A cette époque l’auteur, Jean-Pierre Milan, n’est encore qu’un tout jeune pilote, et ne compte qu’une quarantaine d’heures de vol. Mais c’est avec le regard du professionnel à la longue expérience qu’il devint par la suite, qu’il retourne dans le passé vers cet accident qui a endeuillé sa jeune existence. La victime, Michel Moutte, son aîné d’à peine deux ans, avait été quelques années plus tôt son mentor, celui qui l’avait introduit dans le monde de l’aviation. C’était son ami. Si le livre est bien écrit, on sent qu’il sert d’exutoire à cette peine enfouie depuis bien longtemps mais toujours si vivace.

Le narrateur décrit les circonstances du drame, en dépeint les personnages, s’arrête sur les machines utilisées. Il glisse de temps à autres dans le texte, en italique, quelques explications quant à la mécanique du vol ou aux termes utilisés par les pilotes. Pour le chapitre racontant la survenue de l’accident, il utilise un effet de ralenti sur image, vu par différents acteurs, séquencé presque seconde par seconde.

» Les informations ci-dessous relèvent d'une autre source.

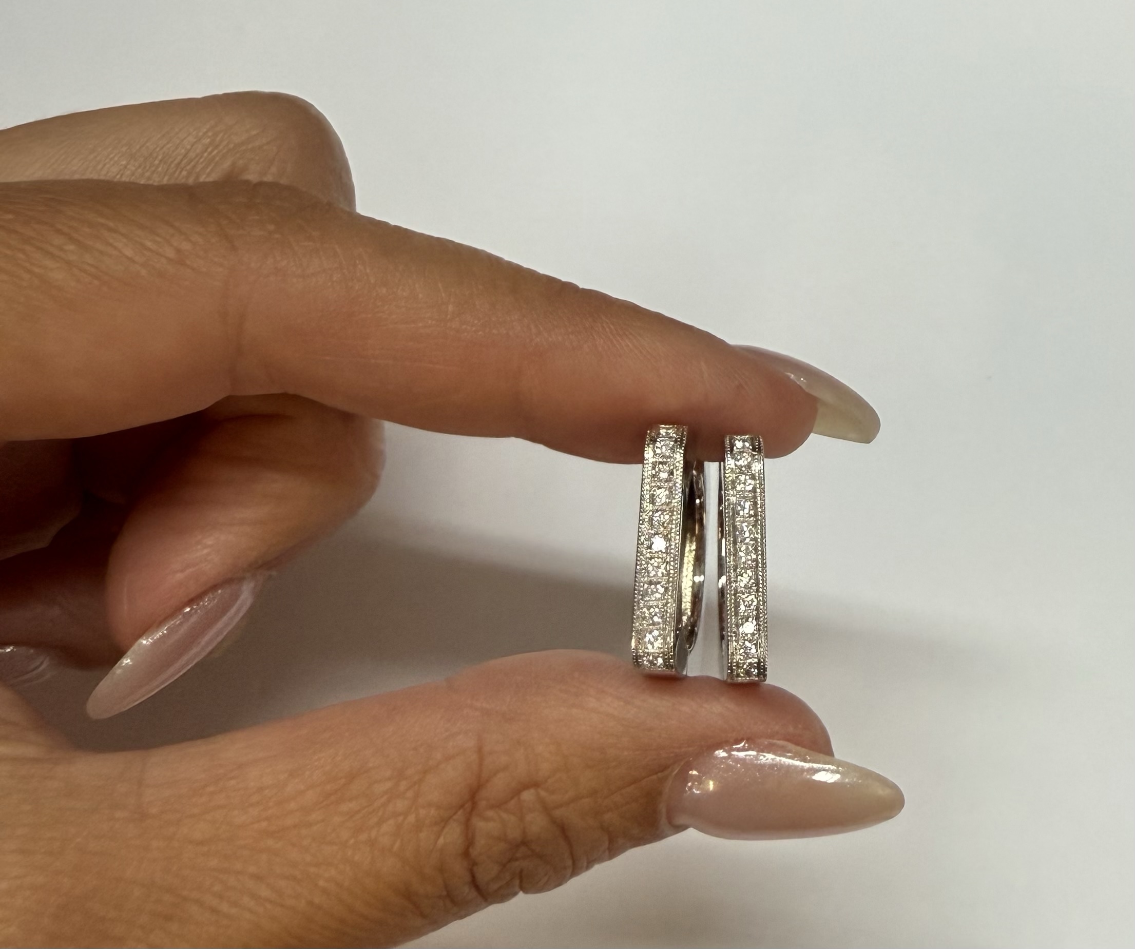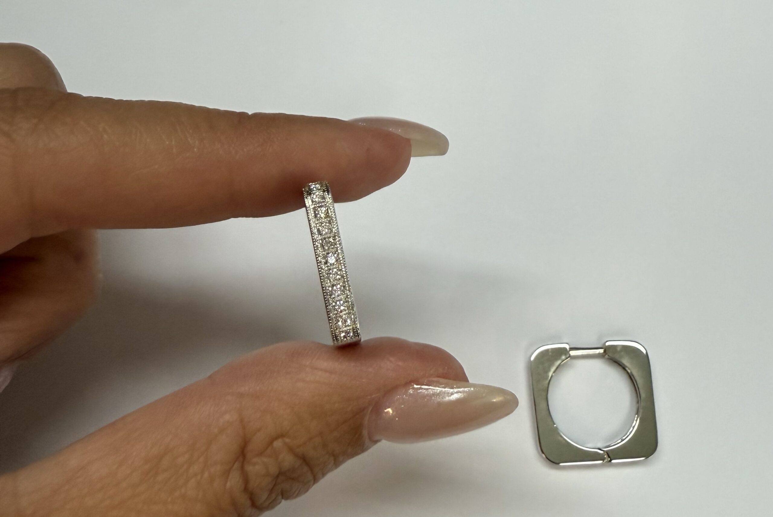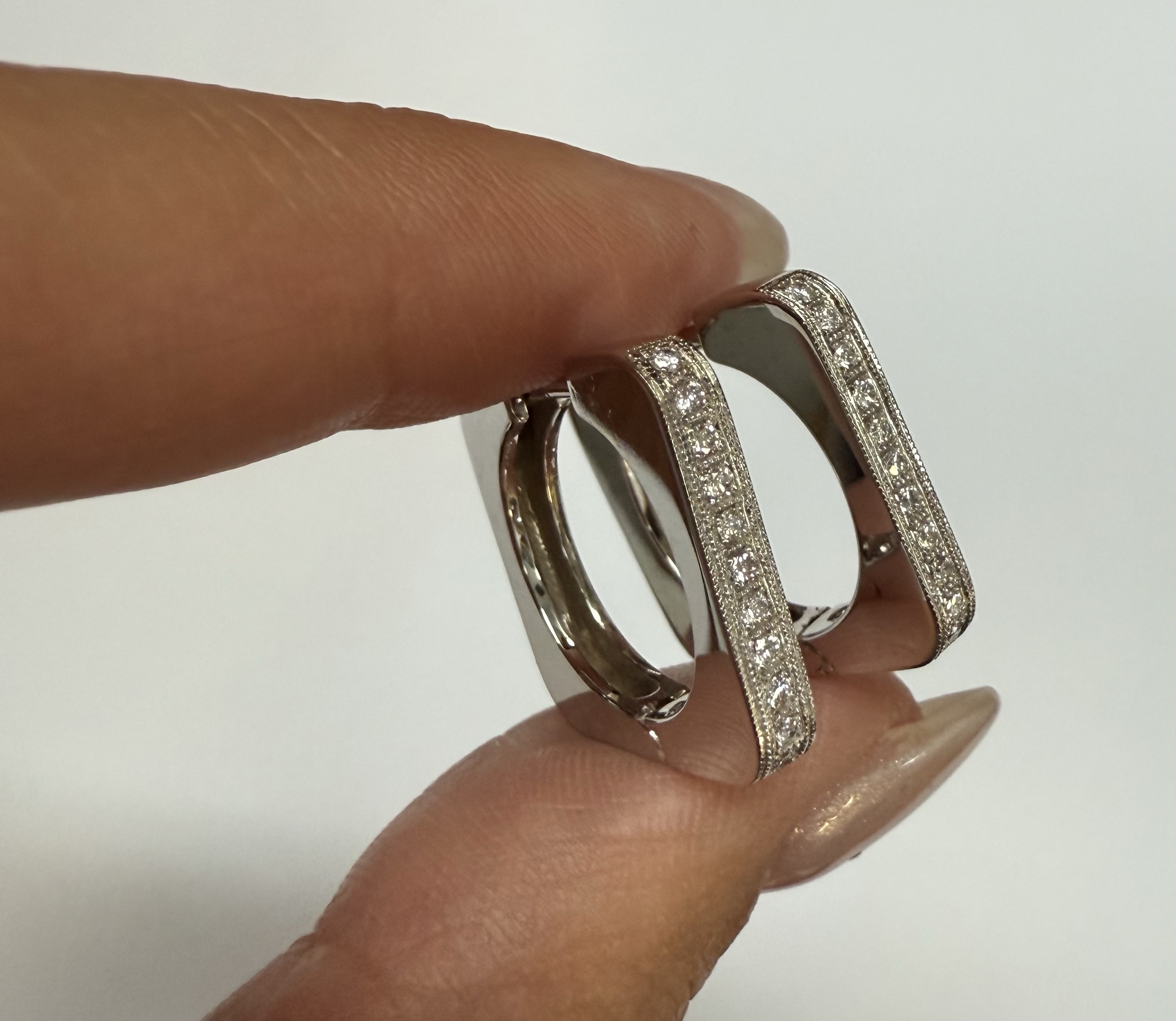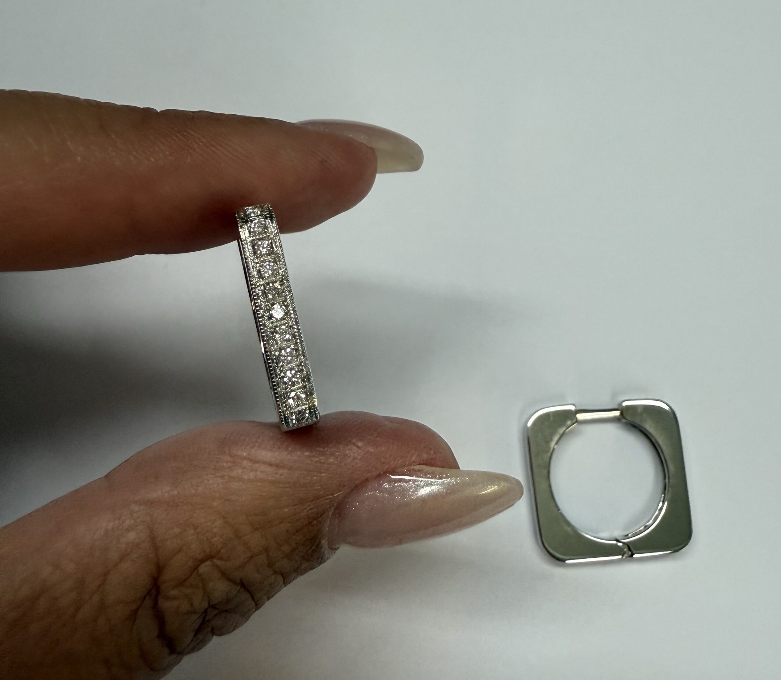 18k white gold square shaped genuine 22 stone (11 each earring) .45 cttw Round Brilliant Cut diamond pave’ hoop earrings. These diamonds average G-H in color, and VS2 in clarity. These earrings have an entire weight of 7.05 grams.

Puis, dans le reste du livre, consacré principalement à enquêter sur l’enquête, Jean-Pierre Milan tente de relever des responsabilités qui semblent avoir été un peu négligées à l’époque, et lance un réquisitoire contre la technique du remorqué multiple (*) , surtout mal gérée comme ici.

A part l’illustration de la couverture, représentant Michel Moutte à Vinon cette année-là, on ne trouve pas de photos dans l’ouvrage. Cependant 5 dessins de la main de l’auteur viennent illustrer les positions relatives des appareils concernés.

Beaucoup de temps est passé et pas loin de là, sous le pont de Mirabeau coule la Durance… (***)

On sent que l’exercice de contre-enquête a ses limites. On aimerait lui donner les moyens d’aller plus loin, comme dans un épisode de série télévisée traitant de « cold cases », ces cas judiciaires restés non élucidés. Mais on sait que la plupart des intervenants, acteurs, témoins de la scène et enquêteurs, ont aujourd’hui disparu. Alors nous resterons sur des hypothèses fort probables, et sur une situation qui, bien des années plus tard pourrait servir à illustrer un cours sur les facteurs humains.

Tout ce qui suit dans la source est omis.